Work task
Images should be left out, and everything else in the listing reproduced exactly.

Data section
·····
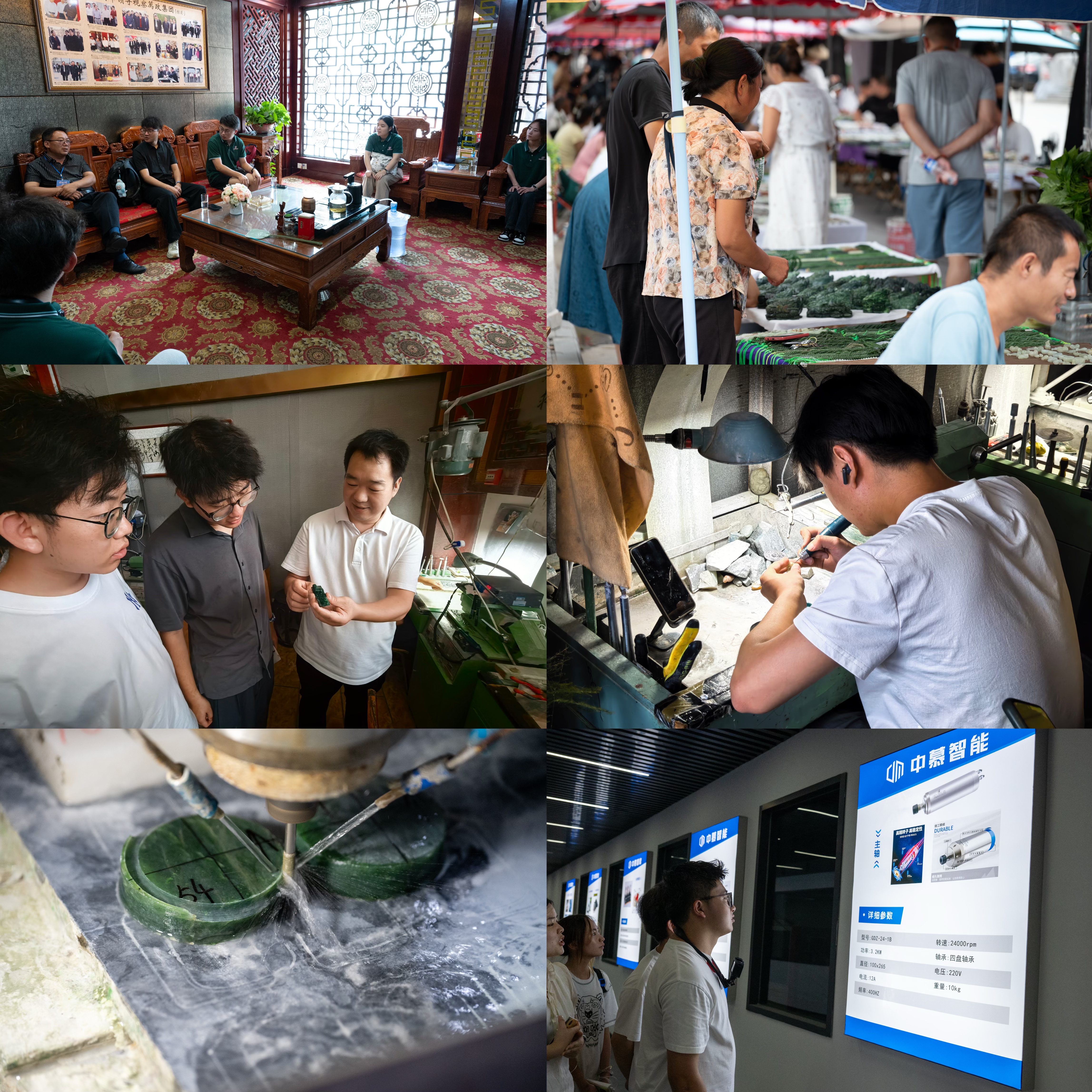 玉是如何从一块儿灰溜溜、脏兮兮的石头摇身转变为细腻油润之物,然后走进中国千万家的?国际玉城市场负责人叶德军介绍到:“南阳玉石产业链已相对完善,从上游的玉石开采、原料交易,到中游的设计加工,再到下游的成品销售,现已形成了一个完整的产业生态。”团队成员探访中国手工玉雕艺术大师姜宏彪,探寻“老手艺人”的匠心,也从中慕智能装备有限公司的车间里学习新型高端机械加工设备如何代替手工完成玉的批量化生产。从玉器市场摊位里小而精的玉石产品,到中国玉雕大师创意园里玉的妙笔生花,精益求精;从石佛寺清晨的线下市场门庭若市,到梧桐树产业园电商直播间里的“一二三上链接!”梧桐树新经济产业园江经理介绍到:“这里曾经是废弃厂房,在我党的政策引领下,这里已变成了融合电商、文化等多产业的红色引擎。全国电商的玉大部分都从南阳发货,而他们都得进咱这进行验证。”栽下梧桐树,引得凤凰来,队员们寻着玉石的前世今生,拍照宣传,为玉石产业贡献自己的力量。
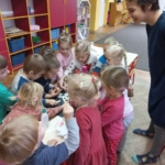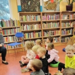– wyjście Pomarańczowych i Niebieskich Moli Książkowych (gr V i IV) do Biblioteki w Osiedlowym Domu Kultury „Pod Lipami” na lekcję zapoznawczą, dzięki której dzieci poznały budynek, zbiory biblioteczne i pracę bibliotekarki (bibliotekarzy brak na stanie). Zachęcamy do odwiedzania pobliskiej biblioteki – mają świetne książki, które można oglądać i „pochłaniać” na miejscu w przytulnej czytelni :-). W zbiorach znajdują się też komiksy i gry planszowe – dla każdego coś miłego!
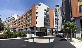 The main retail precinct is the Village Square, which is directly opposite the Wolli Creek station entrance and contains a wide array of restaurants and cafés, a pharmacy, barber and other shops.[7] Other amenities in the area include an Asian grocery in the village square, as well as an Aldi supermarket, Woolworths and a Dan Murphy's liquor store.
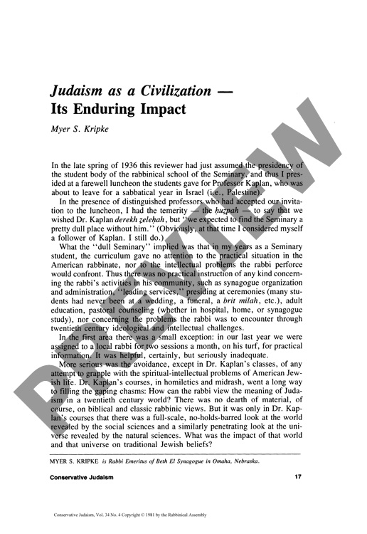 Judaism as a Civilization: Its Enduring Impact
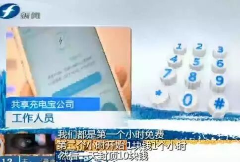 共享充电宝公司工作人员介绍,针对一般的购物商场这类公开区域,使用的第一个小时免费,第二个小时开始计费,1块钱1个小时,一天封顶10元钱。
·····
Response to this exercise
 玉是如何从一块儿灰溜溜、脏兮兮的石头摇身转变为细腻油润之物,然后走进中国千万家的?国际玉城市场负责人叶德军介绍到:“南阳玉石产业链已相对完善,从上游的玉石开采、原料交易,到中游的设计加工,再到下游的成品销售,现已形成了一个完整的产业生态。”团队成员探访中国手工玉雕艺术大师姜宏彪,探寻“老手艺人”的匠心,也从中慕智能装备有限公司的车间里学习新型高端机械加工设备如何代替手工完成玉的批量化生产。从玉器市场摊位里小而精的玉石产品,到中国玉雕大师创意园里玉的妙笔生花,精益求精;从石佛寺清晨的线下市场门庭若市,到梧桐树产业园电商直播间里的“一二三上链接!”梧桐树新经济产业园江经理介绍到:“这里曾经是废弃厂房,在我党的政策引领下,这里已变成了融合电商、文化等多产业的红色引擎。全国电商的玉大部分都从南阳发货,而他们都得进咱这进行验证。”栽下梧桐树,引得凤凰来,队员们寻着玉石的前世今生,拍照宣传,为玉石产业贡献自己的力量。
– wyjście Pomarańczowych i Niebieskich Moli Książkowych (gr V i IV) do Biblioteki w Osiedlowym Domu Kultury „Pod Lipami” na lekcję zapoznawczą, dzięki której dzieci poznały budynek, zbiory biblioteczne i pracę bibliotekarki (bibliotekarzy brak na stanie). Zachęcamy do odwiedzania pobliskiej biblioteki – mają świetne książki, które można oglądać i „pochłaniać” na miejscu w przytulnej czytelni :-). W zbiorach znajdują się też komiksy i gry planszowe – dla każdego coś miłego!
 The main retail precinct is the Village Square, which is directly opposite the Wolli Creek station entrance and contains a wide array of restaurants and cafés, a pharmacy, barber and other shops.[7] Other amenities in the area include an Asian grocery in the village square, as well as an Aldi supermarket, Woolworths and a Dan Murphy's liquor store.
 Judaism as a Civilization: Its Enduring Impact
 共享充电宝公司工作人员介绍,针对一般的购物商场这类公开区域,使用的第一个小时免费,第二个小时开始计费,1块钱1个小时,一天封顶10元钱。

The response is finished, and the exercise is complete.